Советский человек — что тут скажешь… Все знает, все понимает, наедине с тобой скажет одно, а вот на трибуне — другое дело, надо говорить, «что партия велела». А партия после свержения Хрущева велела молчать о всех сталинских преступлениях. О «сталинских репрессиях» или даже «репрессиях времен культа личности» уже нельзя было и заикнуться. Помню, в институте хоронили старого члена партии Громова, отсидевшего длительный срок; в некрологе описывалась его жизнь и были такие слова: «в 1937–1947 гг. работал в угольной промышленности» (это было правдой: добывал уголь в лагере на Воркуте).
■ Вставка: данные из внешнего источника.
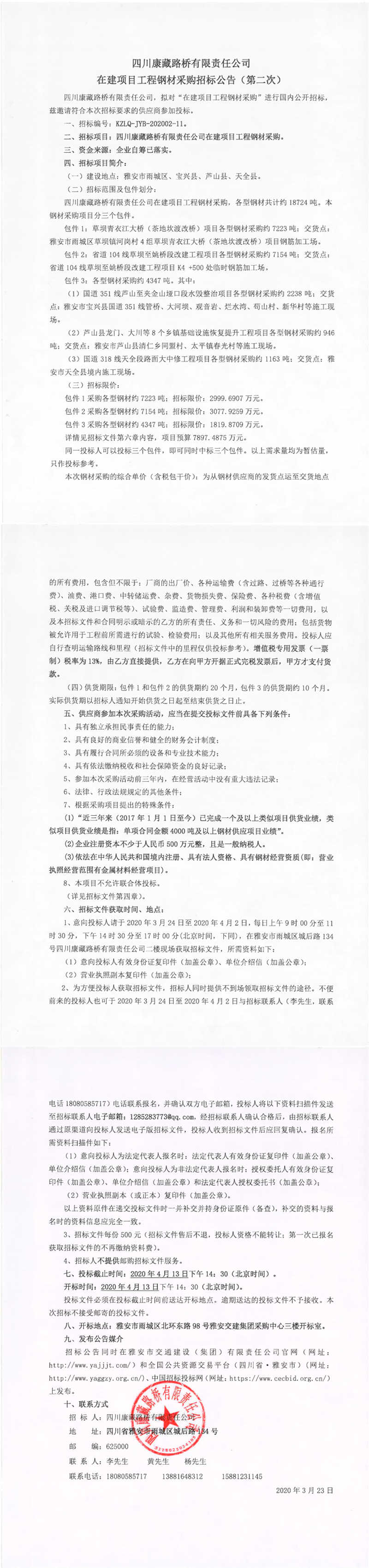 四川康藏路橋有限責(zé)任公司在建項(xiàng)目工程鋼材采購招標(biāo)公告(第二次)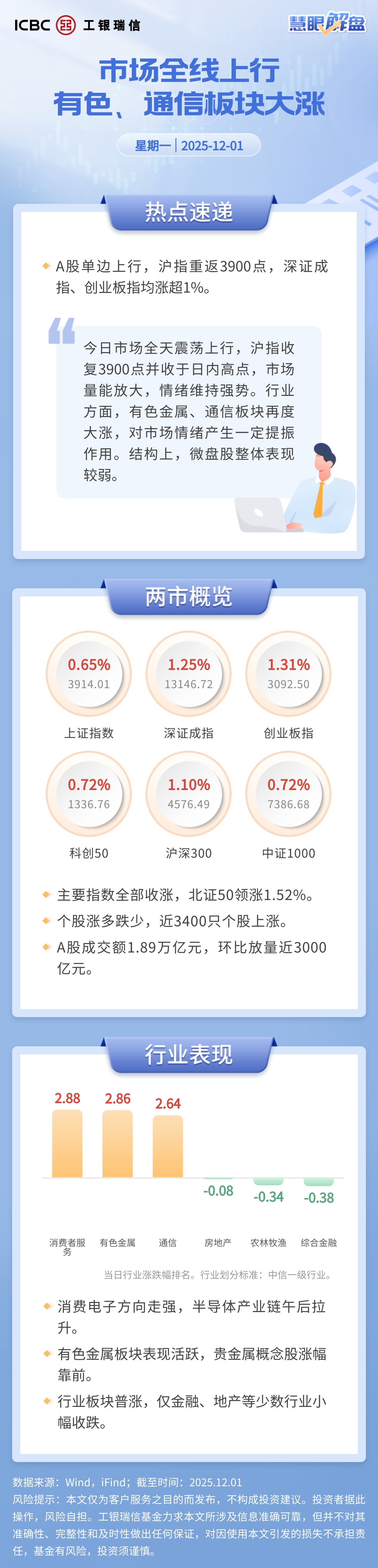 【慧眼解盘】市场全线上行 有色、通信板块大涨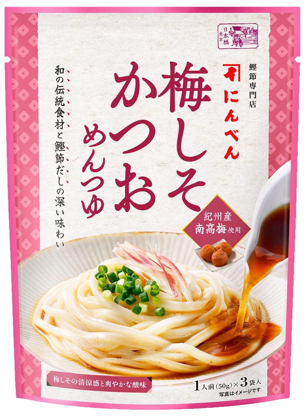2025年3月発売の「柚子こしょうめんつゆ」「一味唐辛子めんつゆ」では、にんべんの鰹節だしと和の香辛料を掛け合わせることで、辛さの中にある奥深い味わいを提供しました。今回、和食の味を支えてきた「鰹節だし」に、古くから食欲が落ちる季節にも親しまれてきた「和の伝統食品」を掛け合わせることで、伝統的な味でありながら深みのある新しい味わいをお愉しみいただけます。

Упоминать в печати о том, что человек стал жертвой репрессий и потом был реабилитирован, можно было только по специальному разрешению ЦК. А когда хоронили другого бывшего лагерника, Далина, его старые друзья (тоже отсидевшие срок), выступая над гробом, говорили как-то иносказательно о том, что «в его жизни были трудности, о которых все знают». Я спросил одного из них, почему он не сказал прямо об этом периоде в жизни Далина, и он испуганно ответил: «Да что вы, об этом же нельзя говорить».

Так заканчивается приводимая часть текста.